2020 Retrospective - Thoughts and daydreams about the ill-fated start of the decade

2020 certainly took me by surprise. I was on vacation down South as COVID was developing. This was around March.

I have been hearing about COVID being overseas; I didn't think much about it then. It wasn't until the first COVID patient was tested positive was when things started to ramp up. Good thing I got back when I did.

Even when places started to close, I thought COVID was going to be like Ebola. We would have a lockdown, then it would pass like every other scare tactic. Boy, was I wrong. It persisted longer than I thought. I was getting antsy, even depressed for a time. Worrying about getting sick and not seeing family or friends puts a toll on your mental health.

It was eerily quiet for a time. Then George Floyd happened. Riots began to kick off. I thought, this too shall pass. And what are we doing protesting when we should be on lockdown? Nope, it went on and on for months with no end in sight. That was it for me: 2020 was not a good year altogether.

I was optimistic about 2020; there would be a cultural event that would swing the cultural pendulum back to stability. The 90s had Rodney King, the 00s had 9/11 and the Iraq War, the 10s had Occupy Wall Street and Donald Trump. Now the 2020s has Corona and BLM.

Things weren't all bad. I used the lockdown to rethink. And I have a newfound respect on things that we've previously taken for granted.

Having said that, I think many of us would rather forget about 2020. 2021 will be a continuation of 2020, let's just hope we're approaching the light in the tunnel.
 
In all honesty, I don't really know what to say.
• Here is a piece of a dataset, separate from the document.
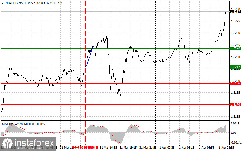 Тест цены 1.3217 пришелся на момент, индикатор MACD только начинал движение вверх от нулевой отметки, что стало подтверждением правильной точки входа на покупку фунта. В результате пара выросла в район целевого уровня 1.3240.
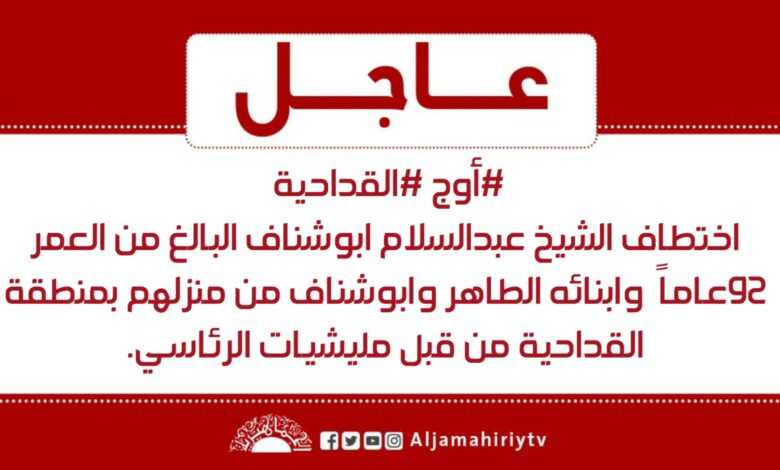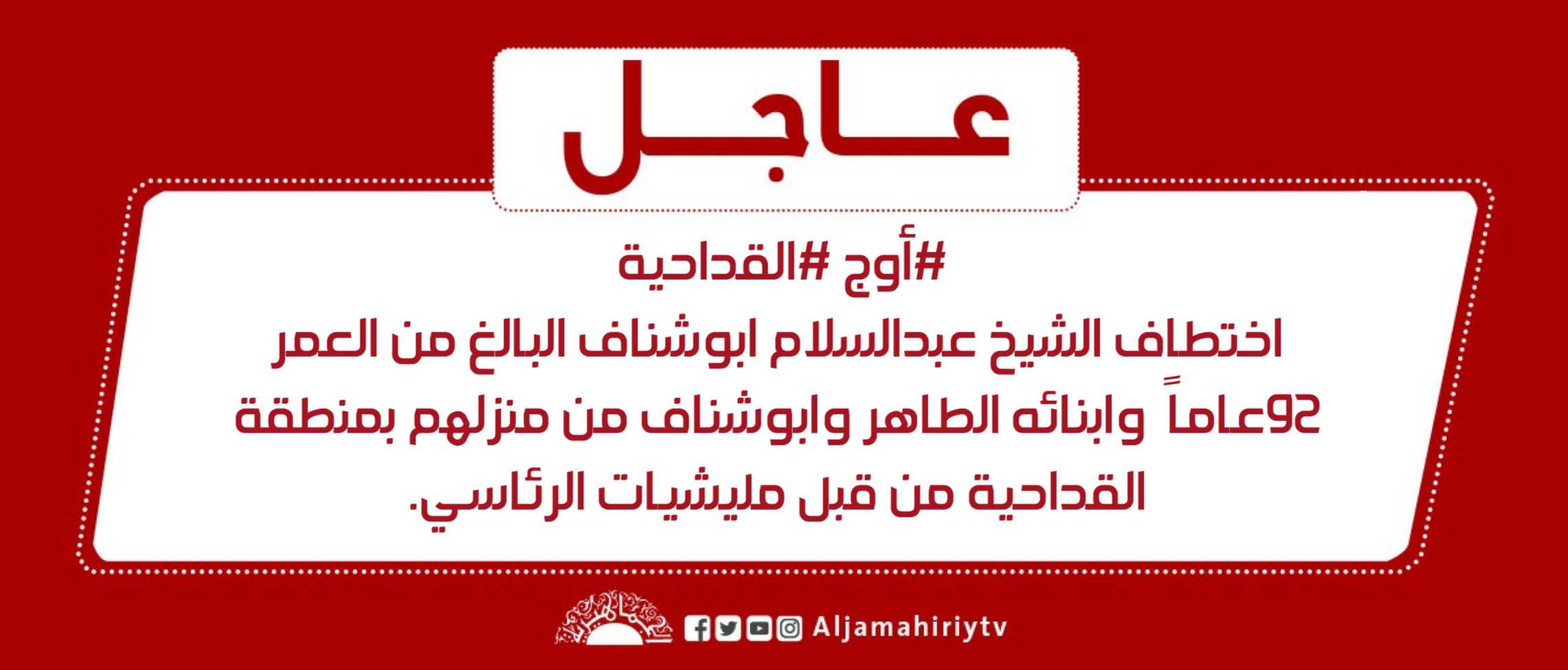 عاجل | #أوج #القداحية اختطاف الشيخ عبدالسلام ابوشناف البالغ من العمر 92عاماً وابنائه الطاهر وابوشناف من منزلهم بمنطقة القداحية من قبل مليشيات الرئاسي. #قناة_الجماهيرية_العظمى_قناة_كل_الجماهير

This is going to be a very different time to look back at in hindsight a decade from now than just about any other year, and there's so much going through our minds that it's hard to even really write a solid retrospective on the year at the moment. It's currently December 28th, 2020, and I have absolutely no idea what's gonna go on in 2021. But, I'm optimistic, because black pills are for fags.
 
I had a really nice time personally, I've just been chilling and playing video games and reading and watching some movies. I guess in the future, living in a pod, eating bugs, and renting air from my landlord won't be so bad after all.

As for the state of the world, everybody's not holed up in trenches getting gassed and machine gunned so I suppose it could be worse. Maybe we'll get there in 2021.
 
2020 has been a wild year for me. When the lockdowns started in March I weighed 236 lbs and was on my way to getting the many diseases that come with obesity. With the help of my parents (providing me healthy food) and me getting out and exercising I am now about 163lbs.

On a less positive note I managed to overdose on weed multiple times. I am committed quitting it for good. My body is the best shape it's been in years but my mind is a mess dealing with weed withdrawal (was having up to 2 grams a day of high thc stuff). It's been 16 days since I my last toke and I am getting better but I get stressed out and have mood swings easily.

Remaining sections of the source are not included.